Artikel ini akan membahas secara lengkap tentang streaking technique, mulai dari tujuan, jenis-jenis metode, prosedur langkah demi langkah, hingga tips menghindari kesalahan umum.
1. Mengapa Streaking Technique Itu Penting?
Streaking technique bukan sekadar "coret-coret sembarangan". Ini adalah langkah awal yang kritis untuk mendapatkan hasil yang akurat dalam berbagai aplikasi laboratorium:
| Bidang | Kebutuhan Akan Streaking |
|---|---|
| Diagnostik Klinis (Rumah Sakit) | Mengisolasi bakteri patogen dari sampel pasien (urine, darah, sputum, pus).
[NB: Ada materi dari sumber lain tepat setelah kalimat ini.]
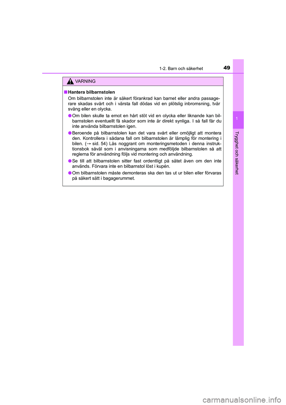 använder eller köper en bilbarnstol. ( sid. 54)
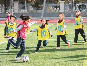 近年来,山东省荣成市大力推进青少年校园足球发展,促进学生身体与心理健康水平稳步提升。图为荣成市蜊江小学足球场上,小学生们正进行足球比赛。
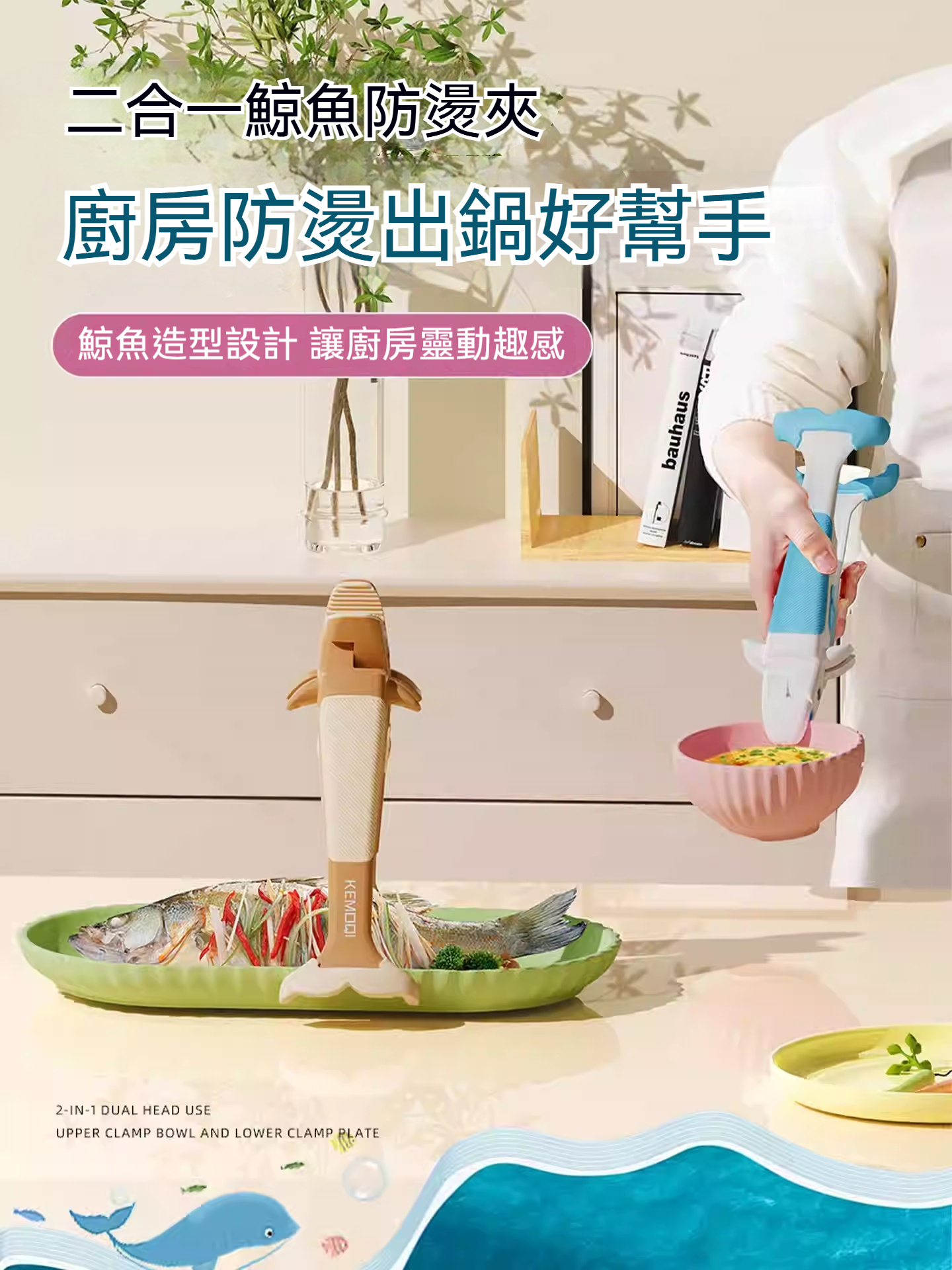 廚房專用二合一鯨魚防燙夾✅波浪紋矽膠夾頭 | 夾得穩、夾的牢✅滑扣式鎖扣收納 | 不佔廚房空間✅防滑紋理手把 | 貼合手掌

Hanya setelah mendapatkan biakan murni, laboratorium dapat melakukan uji identifikasi (biokimia, MALDI-TOF) dan uji kepekaan antibiotik yang akurat. |
| Industri Farmasi & Makanan | Menguji sterilitas produk dan mendeteksi mikroba kontaminan. |
| Penelitian Bioteknologi | Mengisolasi mikroba dari lingkungan (tanah, air) untuk mencari penghasil antibiotik, enzim, atau molekul bioaktif baru. |
| Pendidikan (Lab Universitas) | Mengajarkan prinsip dasar isolasi mikroba dan teknik aseptik. |
Tanpa streak technique yang baik, Anda tidak akan pernah bisa memastikan bahwa mikroba yang Anda teliti adalah satu spesies murni, bukan campuran.
2. Jenis-Jenis Streaking Technique
Berikut adalah dua metode goresan yang paling umum digunakan:
A. Metode T-Streak (Paling Sederhana untuk Pemula)
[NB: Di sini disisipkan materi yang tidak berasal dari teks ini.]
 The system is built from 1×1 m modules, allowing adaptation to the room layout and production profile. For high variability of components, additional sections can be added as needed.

Metode ini paling cocok untuk pemula atau untuk sampel yang diduga memiliki populasi mikroba tidak terlalu padat.
Prosedur:
- Goreskan sampel pada sepertiga bagian atas cawan (Area 1) dengan gerakan zig-zag.
- Tarik goresan dari Area 1 ke arah tengah cawan (Area 2).
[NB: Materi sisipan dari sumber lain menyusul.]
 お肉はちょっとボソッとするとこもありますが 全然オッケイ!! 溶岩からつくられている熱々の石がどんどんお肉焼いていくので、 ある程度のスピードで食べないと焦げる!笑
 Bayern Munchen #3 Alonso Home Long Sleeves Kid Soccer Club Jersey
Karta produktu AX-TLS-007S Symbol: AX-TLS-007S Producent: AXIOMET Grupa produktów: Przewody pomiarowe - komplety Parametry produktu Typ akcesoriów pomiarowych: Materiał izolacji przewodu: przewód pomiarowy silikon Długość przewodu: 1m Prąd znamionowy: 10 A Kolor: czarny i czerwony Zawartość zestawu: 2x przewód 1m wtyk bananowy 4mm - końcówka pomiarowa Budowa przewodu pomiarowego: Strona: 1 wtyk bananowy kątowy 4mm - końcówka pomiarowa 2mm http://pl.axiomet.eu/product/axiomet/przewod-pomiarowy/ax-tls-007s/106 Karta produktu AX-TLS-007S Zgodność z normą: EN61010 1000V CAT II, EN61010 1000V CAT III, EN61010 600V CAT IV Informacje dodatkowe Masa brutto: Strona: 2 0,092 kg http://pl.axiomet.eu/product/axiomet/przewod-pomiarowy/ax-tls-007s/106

- Tarik lagi goresan dari Area 2 ke bagian akhir cawan (Area 3).
- Tutup cawan, balikkan posisi, inkubasi.
Hasil: Kolomi tunggal biasanya didapatkan di Area 3.
B. Metode Quadrant Streak (Paling Umum di Lab Klinis/Industri)
Metode ini paling efektif untuk sampel dengan kepadatan mikroba yang sangat tinggi (seperti urine atau biakan cair). Dikenal juga sebagai teknik kuadran.
Prosedur (Lihat gambar di atas untuk referensi):
- Kuadran 1 (Area Inokulasi Awal): Goreskan ose yang berisi sampel pada area 1.
- Kuadran 2: Tarik goresan dari Area 1 ke Area 2 (sekitar 1-2 goresan). Jangan kembali ke Area 1.
- Kuadran 3: Tarik goresan dari Area 2 ke Area 3.
- Kuadran 4: Tarik goresan dari Area 3 ke Area 4 (dan bisa sampai ke tengah cawan). Dengan setiap goresan ke kuadran baru, Anda membawa semakin sedikit sel, sehingga pada kuadran terakhir sel sudah terpisah secara individual.
3. Alat dan Bahan
Sebelum memulai teknik goresan, pastikan peralatan berikut sudah siap:
- Cawan petri berisi media agar (misal: Nutrient Agar, Blood Agar, MacConkey)
- Ose (kawat loop) atau disposable loop steril
- Bunsen burner (untuk mensterilkan ose dan menciptakan aliran udara steril)
- Sampel mikroba (bisa berupa biakan cair, suspensi koloni, atau swab)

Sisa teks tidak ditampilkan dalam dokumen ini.